### [DATA EXCERPT]
________

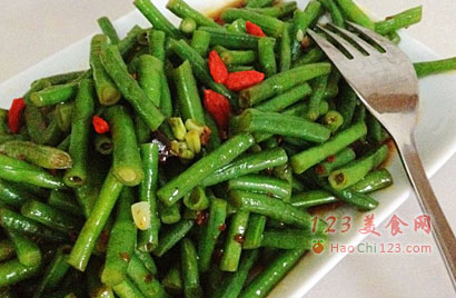 2、锅里放水后烧开,把豆角放在锅里煮熟后,放在凉水待用。锅里加少许油,放入几粒花椒炸香,然后再把花椒挑出来。
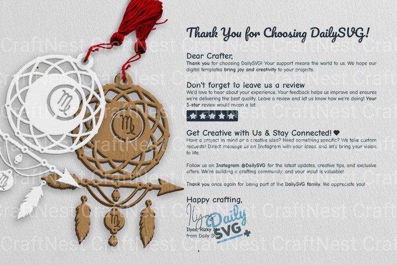 Capture celestial charm with the Virgo Dream Catcher Set SVG Bundle, featuring intricate designs perfect for personalized crafts and home decor projects.
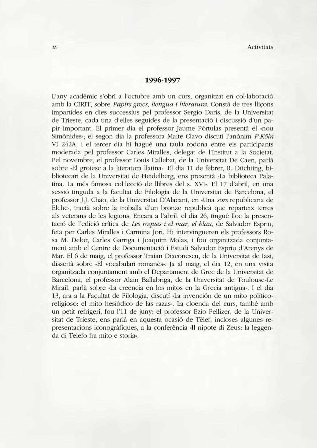 L'any academic s'obri a 1'octubre amh un curs, organitzat en col-laboracio amb la CIRIT, sobre Papirs grecs, llengua i literatura Consta de tres llicons impartides en dies successius pet professor Sergio Daris, de la Universitat de Trieste, cada una d'elles seguides de la presentacio i discussio d'un papir important. El primer dia el professor Jaume Portulas presenta el ,nou Simonides,; el segon dia la professora Maite Clavo discuti 1'an6nim P.Koln VI 242A, i el tercer dia hi hague una taula rodona entre els participants moderada pet professor Carles Miralles, delegat de l'Institut a la Societat. Pel novembre, el professorLouis Callehat, de la Universitat De Caen, parts sobre ^^El grotesc a la literatura llatina,,. El dia 11 de febrer, R. Duchting, hibliotecari de la Universitat de Heidelberg, ens presenta ,La hibliotecaPalatina. La mes famosa col-lecci6 de Ilibres del s. XVI,,. El 17 d'ahril, en una sessi6 tinguda a la facultat de Filologia de la Universitat de Barcelona, el professor J.J. Chao, de la Universitat D'Alacant, en ,Una sors republicana de Elche,,, tracts sobre la troballa d'un bronze republics que reparteix terres als veterans de les legions. Encara a l'ahril, el dia 26, tingue floc la presentaci6 de 1'edici6 critica de Les roques i el mar, el Blau, de Salvador Espriu, feta per Cartes Miralles i Carmina Jori. Hi intervingueren els professors Rosa M. Delor, Caries Garriga i Joaquim Molas, i fou organitzada conjuntament amb el Centre de Documentacio i Estudi Salvador Espriu d'Arenys de Mar. El 6 de maig, el professor Traian Diaconescu, de la Universitat de Iasi, disserta sobre ,El vocabulari romanes,,. Ja al maig, el dia 12, en una visita organitzada conjuntament amb el Departament de Grec de la Universitat de Barcelona, el professor Alain Ballabriga, de la Universitat de Toulouse-Le Mirail, parla sobre ,La creencia en los mitos en la Grecia antigua,^. I el dia 13, ara a la Facultat de Filologia, discuti ,La invenci6n de un mito politicoreligioso: el mito hesi6dico de las razas^. La cloenda del curs, tambe amh un petit refrigeri, fou I'll de juny: el professor Ezio Pellizer, de la Universitat de Trieste, ens parla en aquesta ocasi6 de Telef, incloses algunes representacions iconografiqLies, a la conferencia «Il nipote di Zeus: la leggenda di Telefo fra mito e storia,,.

________

### [ACTIVITY]
Please restate all of the listing above word for word, with no pictures.

### [RESPONSE BELOW]
 2、锅里放水后烧开,把豆角放在锅里煮熟后,放在凉水待用。锅里加少许油,放入几粒花椒炸香,然后再把花椒挑出来。
 Capture celestial charm with the Virgo Dream Catcher Set SVG Bundle, featuring intricate designs perfect for personalized crafts and home decor projects.
 L'any academic s'obri a 1'octubre amh un curs, organitzat en col-laboracio amb la CIRIT, sobre Papirs grecs, llengua i literatura Consta de tres llicons impartides en dies successius pet professor Sergio Daris, de la Universitat de Trieste, cada una d'elles seguides de la presentacio i discussio d'un papir important. El primer dia el professor Jaume Portulas presenta el ,nou Simonides,; el segon dia la professora Maite Clavo discuti 1'an6nim P.Koln VI 242A, i el tercer dia hi hague una taula rodona entre els participants moderada pet professor Carles Miralles, delegat de l'Institut a la Societat. Pel novembre, el professorLouis Callehat, de la Universitat De Caen, parts sobre ^^El grotesc a la literatura llatina,,. El dia 11 de febrer, R. Duchting, hibliotecari de la Universitat de Heidelberg, ens presenta ,La hibliotecaPalatina. La mes famosa col-lecci6 de Ilibres del s. XVI,,. El 17 d'ahril, en una sessi6 tinguda a la facultat de Filologia de la Universitat de Barcelona, el professor J.J. Chao, de la Universitat D'Alacant, en ,Una sors republicana de Elche,,, tracts sobre la troballa d'un bronze republics que reparteix terres als veterans de les legions. Encara a l'ahril, el dia 26, tingue floc la presentaci6 de 1'edici6 critica de Les roques i el mar, el Blau, de Salvador Espriu, feta per Cartes Miralles i Carmina Jori. Hi intervingueren els professors Rosa M. Delor, Caries Garriga i Joaquim Molas, i fou organitzada conjuntament amb el Centre de Documentacio i Estudi Salvador Espriu d'Arenys de Mar. El 6 de maig, el professor Traian Diaconescu, de la Universitat de Iasi, disserta sobre ,El vocabulari romanes,,. Ja al maig, el dia 12, en una visita organitzada conjuntament amb el Departament de Grec de la Universitat de Barcelona, el professor Alain Ballabriga, de la Universitat de Toulouse-Le Mirail, parla sobre ,La creencia en los mitos en la Grecia antigua,^. I el dia 13, ara a la Facultat de Filologia, discuti ,La invenci6n de un mito politicoreligioso: el mito hesi6dico de las razas^. La cloenda del curs, tambe amh un petit refrigeri, fou I'll de juny: el professor Ezio Pellizer, de la Universitat de Trieste, ens parla en aquesta ocasi6 de Telef, incloses algunes representacions iconografiqLies, a la conferencia «Il nipote di Zeus: la leggenda di Telefo fra mito e storia,,.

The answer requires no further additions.